One reason the companies have signed up is that in California 20 percent of the cost is subsidized by the state, and there's a 30 percent federal tax break because it's a "green" technology. In other words: the price is cut in half.

"We have FedEx, we have Walmart," Sridhar explained.

He told Stahl the first customer was Google.

Four units have been powering a Google datacenter for 18 months. They use natural gas, but half as much as would be required for a traditional power plant.

Sridhar told Stahl that three weeks in at Google, suddenly one of the boxes just stopped.

Asked if he panicked, he told Stahl, "For a short while… yes."

He fixed that; then there was another incident. "The air filters clog up and air is not coming into the system because the highway is kicking dirt. You just flip the system around, and the problem is gone," he explained.

Another company that has bought and is testing the Bloom box so Sridhar can work out the kinks is eBay. Its boxes are on the lawn in the middle of its campus in San Jose.

John Donahoe, eBay's CEO, says its five boxes were installed nine months ago and have already saved the company more than $100,000 in electricity costs.

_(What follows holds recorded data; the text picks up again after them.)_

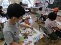 2年生の図画工作の学習では、はじめて自分の絵の具を使って絵を描いています。混色やいろいろな塗り方を試しました。
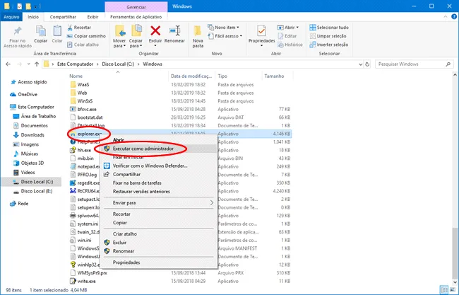 Para executar um programa como administrador, basta clicar com o botão direito nele e selecionar a opção Executar como administrador. Porém, o Windows Explorer (Explorador de arquivos) não possui essa opção.
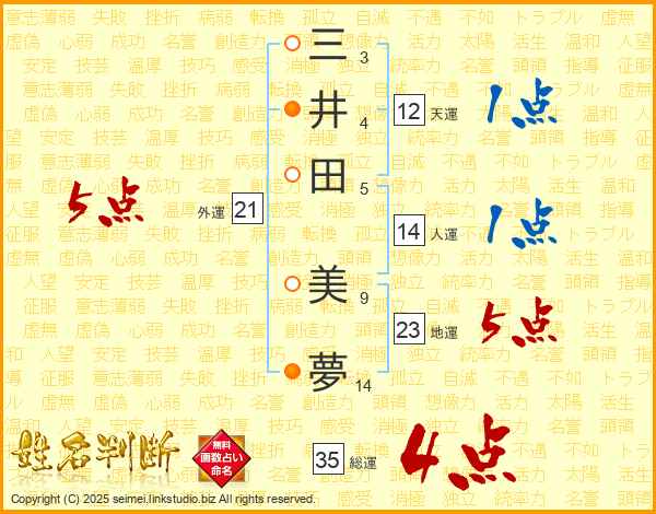 三(3画)井(4画)田(5画) 美(9画)夢(14画)
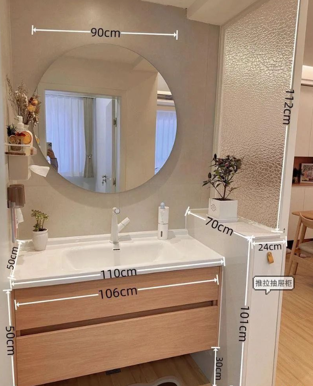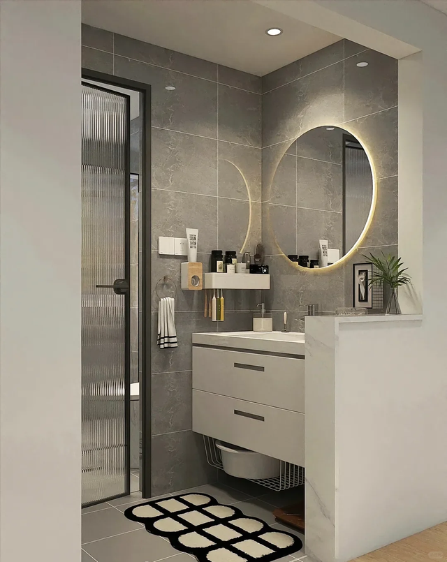 比如把洗手台外移之后,我们要在洗手台的外侧做半墙隔断,一定要保证半墙比洗手台高出30cm左右,这样既能挡住台面上的东西,避免显得凌乱,同时又可以利用翻墙增加收纳空间。

"It's been very successful thus far. They've done what they said they would do," he told Stahl.

eBay's boxes run on bio-gas made from landfill waste, so they're carbon neutral. Donahoe took us up to the roof to show off the company's more than 3,000 solar panels. But they generate a lot less electricity than the boxes on the lawn.

"So this, on five buildings, acres and acres and acres," Stahl remarked.

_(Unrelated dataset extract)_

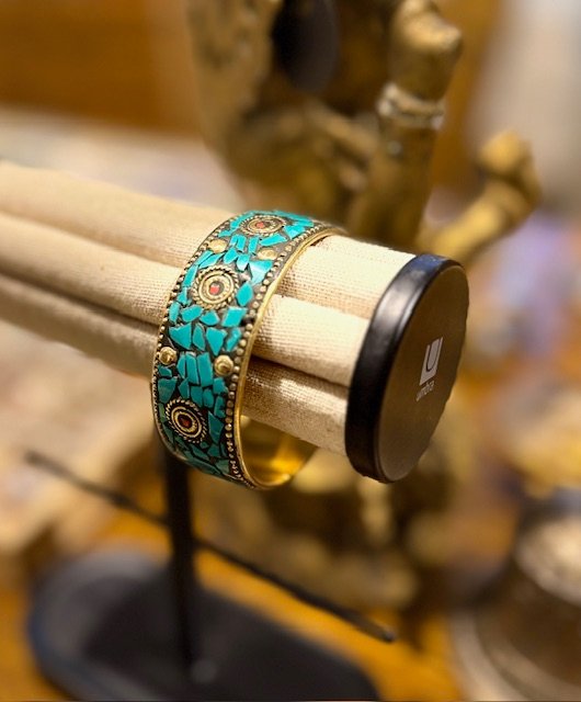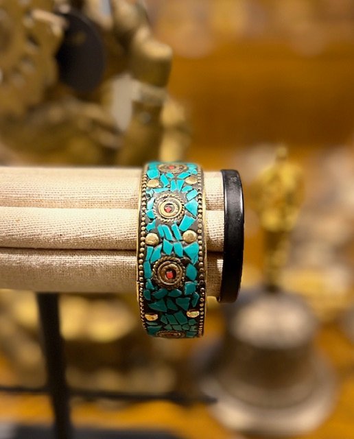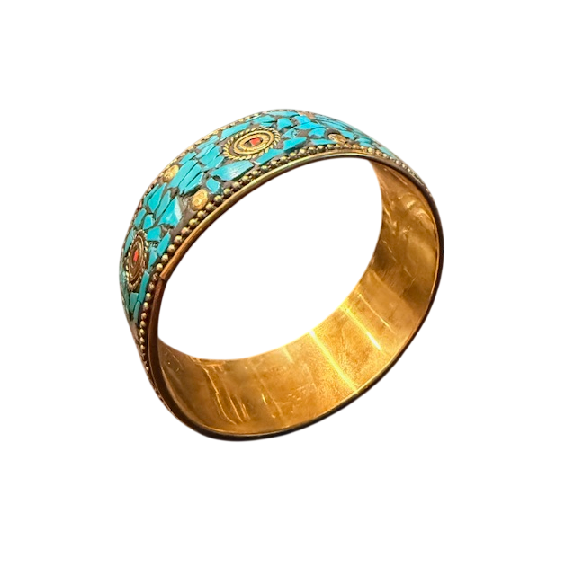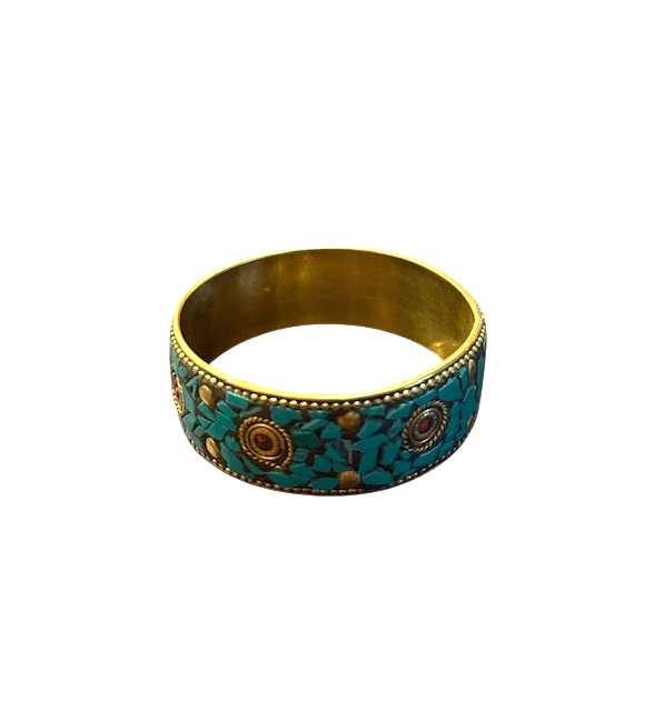 Žalvarinė apyrankė dekoruota spalvingais mozaikos raštais.

"Yes. The footprint for Bloom is much more efficient," Donahoe said. "When you average it over seven days a week, 24 hours a day, the Bloom box puts out five times as much power that we can actually use."

But not everyone is convinced that even if the technology works, Bloom - that now makes one box a day - will ever be able to be as big as its backers say.

"Going from a few to mass-manufacturing's going to be tough. And then making them so people won't run away at the price tag. It needs to be cheaper than solar. It needs to be cheaper than wind," GreenTech Media's Michael Kanellos told Stahl.

"What if he can get the price way down? He claims he can," she asked.

"And if he can, the problem is then G.E. and Siemens and other conglomerates probably can do the same thing. They have fuel cell patents; they have research teams that have looked at this," Kanellos replied.

"What do you think the chances are that in ten-plus years you and I will each have a Bloom box in our basements?" Stahl asked.

"Twenty percent," Kanellos replied. "But it’s going to say 'G.E.'"

"Companies that you have bet on, they haven't all succeeded?" Stahl asked John Doerr of Kleiner Perkins.

"I have some famous failures," he acknowledged.

Doerr is praying that Bloom is not the next Segway, as he and Sridhar get ready for the company's official launch this Wednesday. They're pulling out all the stops, including high profile endorsements.

"I have seen the technology and it works," former Secretary of State Colin Powell said.

He joined Bloom's board of directors last year.

Asked if this is the answer to our energy problems, Powell told Stahl, "I think that's too big a claim to make. I think it is part of the transformation of the energy system. But I think the Bloom boxes will make a significant contribution."

To make a contribution, in Sridhar's mind, Bloom boxes will power not just our richest companies, but remote villages in Africa and all our houses.

"In five to ten years, we would like to be in every home," he told Stahl.

He said a unit should cost an average person less than $3,000.

"You are an idealist," Stahl remarked.

"You know, it's about seeing the world as what it can be and not what it is," Sridhar replied.

"I see you seeing a Bloom box in the basement of the White House," she said.

"Absolutely. I would love that to go on the lawn," he replied.

"So, forget…the basement. You want the Bloom box in the Rose Garden?" Stahl asked.

"Maybe next to that organic vegetable garden," Sridhar joked. "I would be happy with that."